In an advantageous further development of the invention, the dosing device for dispensing at least one washing and / or cleaning agent preparation from a cartridge into the interior of a domestic appliance has a light source by means of which a light signal can be coupled into a light guide of the cartridge. In particular, the light source may be an LED. Furthermore, it is possible for the light signal coupled into the optical waveguide of the cartridge and passing through the optical waveguide to be detectable by a sensor located on the dosing device.

In a further advantageous embodiment of the invention, the metering device for

Dispensing of at least one flowable detergent and / or cleaning agent preparation into the interior of a domestic appliance a cartridge which can be coupled to the dispenser, wherein the cartridge stores at least one flowable detergent and / or cleaning agent preparation and the cartridge has at least one outlet opening in the direction of gravity at the bottom with the dispenser coupled state is communicatively connected to an inlet opening of the dosing device, wherein the dosing device and the cartridge have means which cooperate in such a way that a releasable locking between metering device and cartridge can be produced, wherein the dosing device and the cartridge in the locked state against each other about a pivot point (SP) are pivotable, and that the outlet opening of the cartridge and the inlet opening of the metering console are configured such that, after the production of the latching between the cartridge and metering device by pivoting the cartridge che are communicatively connected in the coupling state between dosing console and cartridge.

In particular, it is preferred that the outlet openings of the chambers and the

Inlet openings of the dosing device are arranged and configured such that they are connected by the pivoting in the locked state in the coupling state of dosing device and cartridge sequentially with each other.
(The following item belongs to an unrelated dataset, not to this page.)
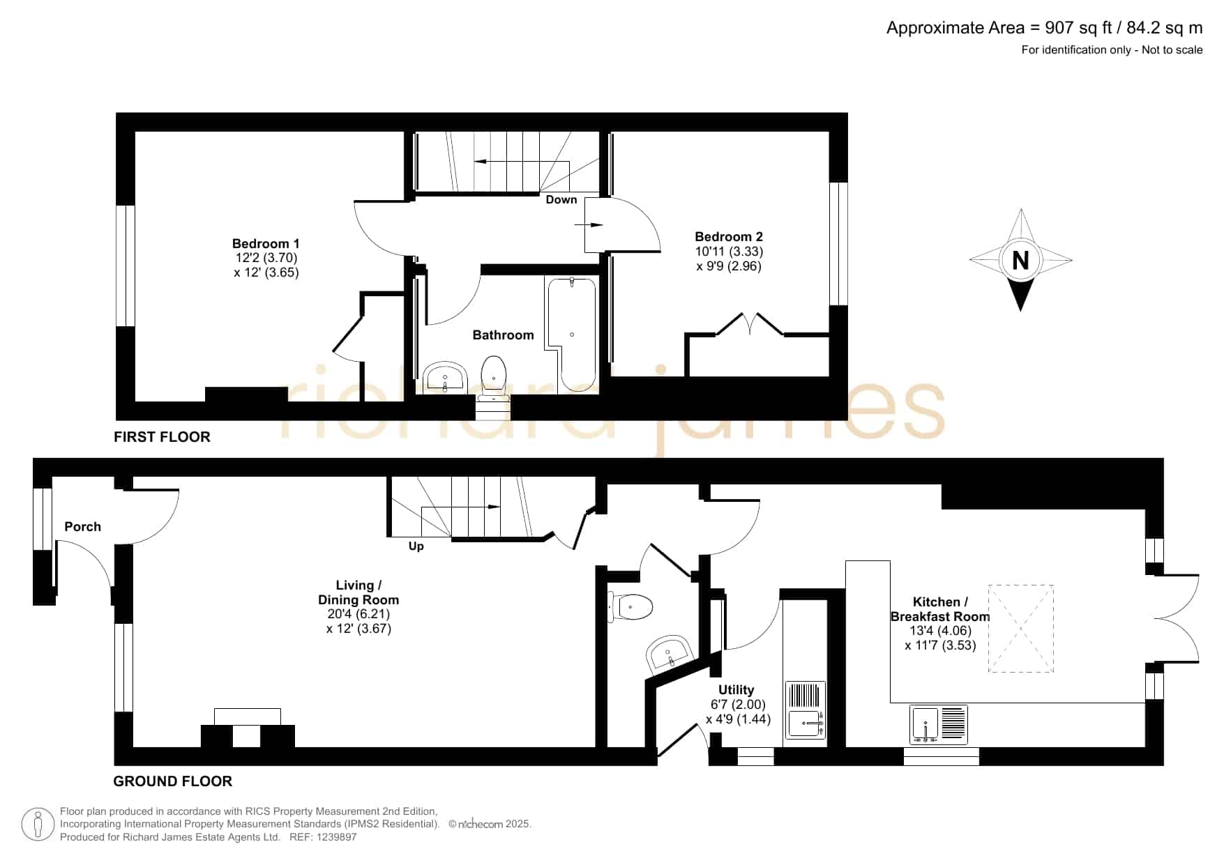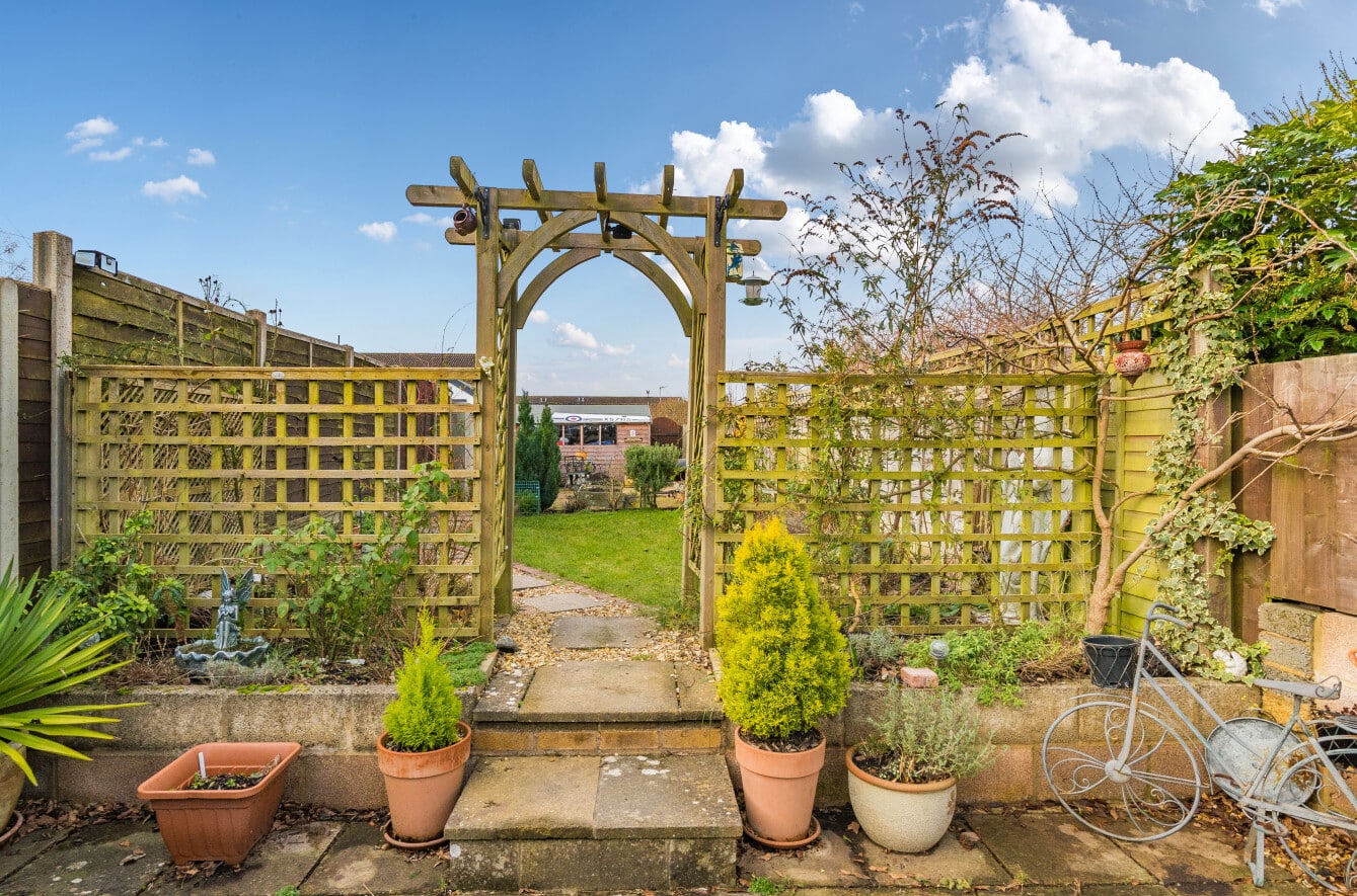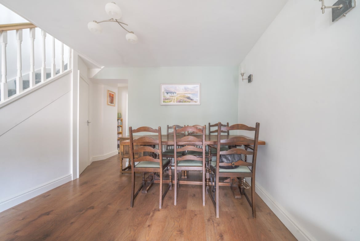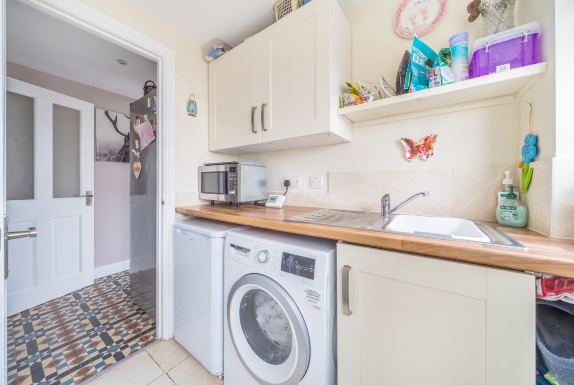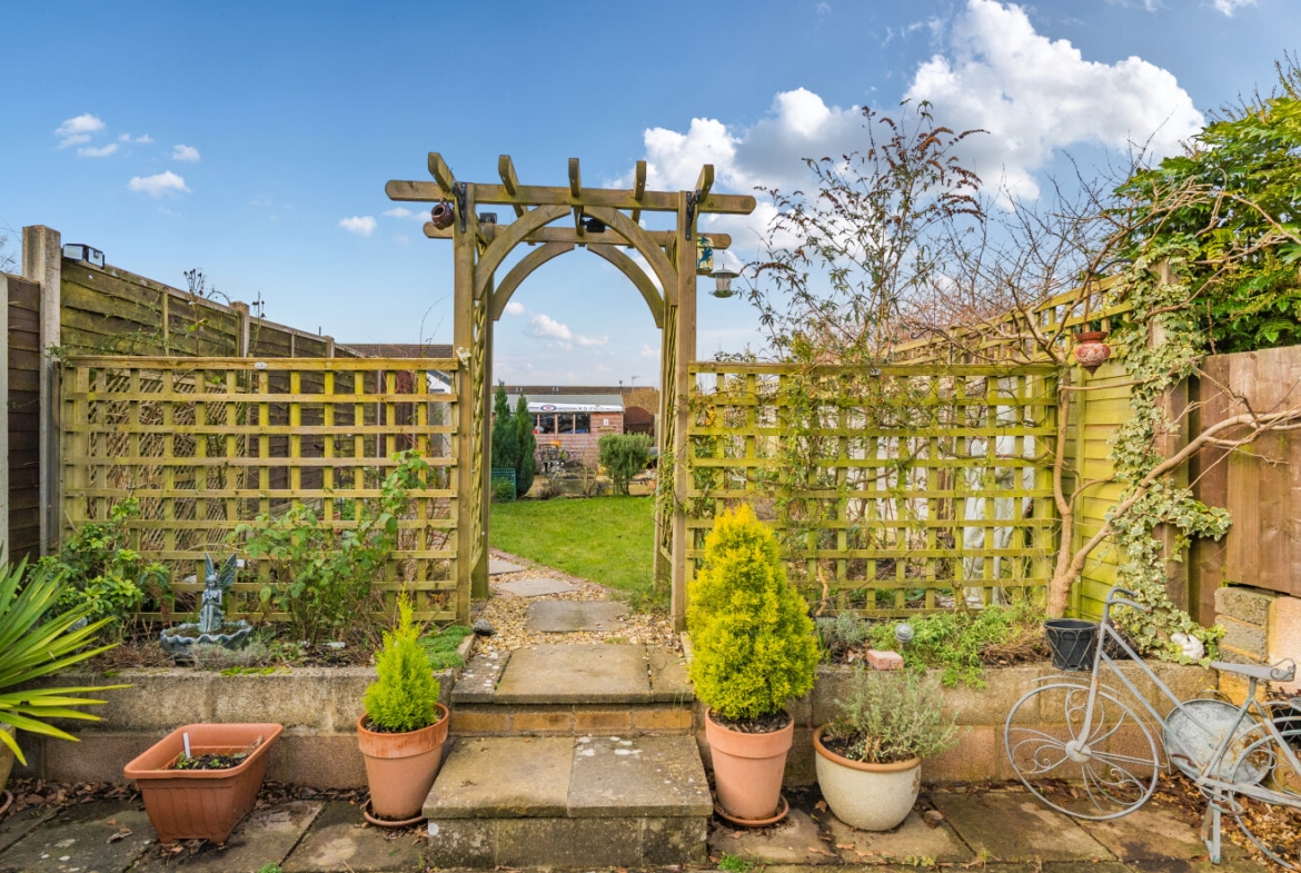 The well presented accommodation includes: Entrance Porch, 20′ Living Room with log burner, Cloakroom, separate Utility Room and the lovely refitted Kitchen/Breakfast Room is light, spacious with integrated appliances and PVCu double doors opening into the Rear Garden. With the two double Bedrooms, both with built-in wardrobes and a refitted Family Bathroom, is located on the first floor.

It is particularly preferred that the inlet openings of the metering device are each arranged one behind the other in the pivoting direction.

It is very particularly preferred that the inlet openings of the dosing device are arranged in the pivoting direction on a line (L).

The inlet openings of the dosing device can in particular also have approximately the same distance from one another.

According to a further advantageous embodiment, means may be provided on the dosing device and / or the cartridge which, in the coupling state of the dosing device and the cartridge, effect a releasable fixing of the cartridge to the dosing device. It is also advantageous to form means on the dosing device and / or cartridge which, in the latched state of the cartridge and the dosing device, cause the cartridge to be guided during pivoting into the coupling state of the cartridge and dosing device.

In a further advantageous embodiment, the dosing device for dispensing at least one washing and / or cleaning agent preparation inside a household appliance comprises at least one optical transmitting unit, wherein the optical transmitting unit is configured in such a way that signals from the transmitting unit in a coupled with the dosing device Cartridge can be coupled and signals from the transmitting unit in the environment of the dosing device are radiated. In this way, both a signal transmission between the dosing device and, for example, a domestic appliance such as a dishwasher and the signal input into a cartridge can be realized by means of an optical transmitting unit.

In particular, the optical transmitting unit can be an LED.

In an advantageous development of the invention, the dosing device may comprise at least one optical receiving unit. This makes it possible, for example, that the dosing device can receive signals from an optical transmission unit arranged in the household appliance.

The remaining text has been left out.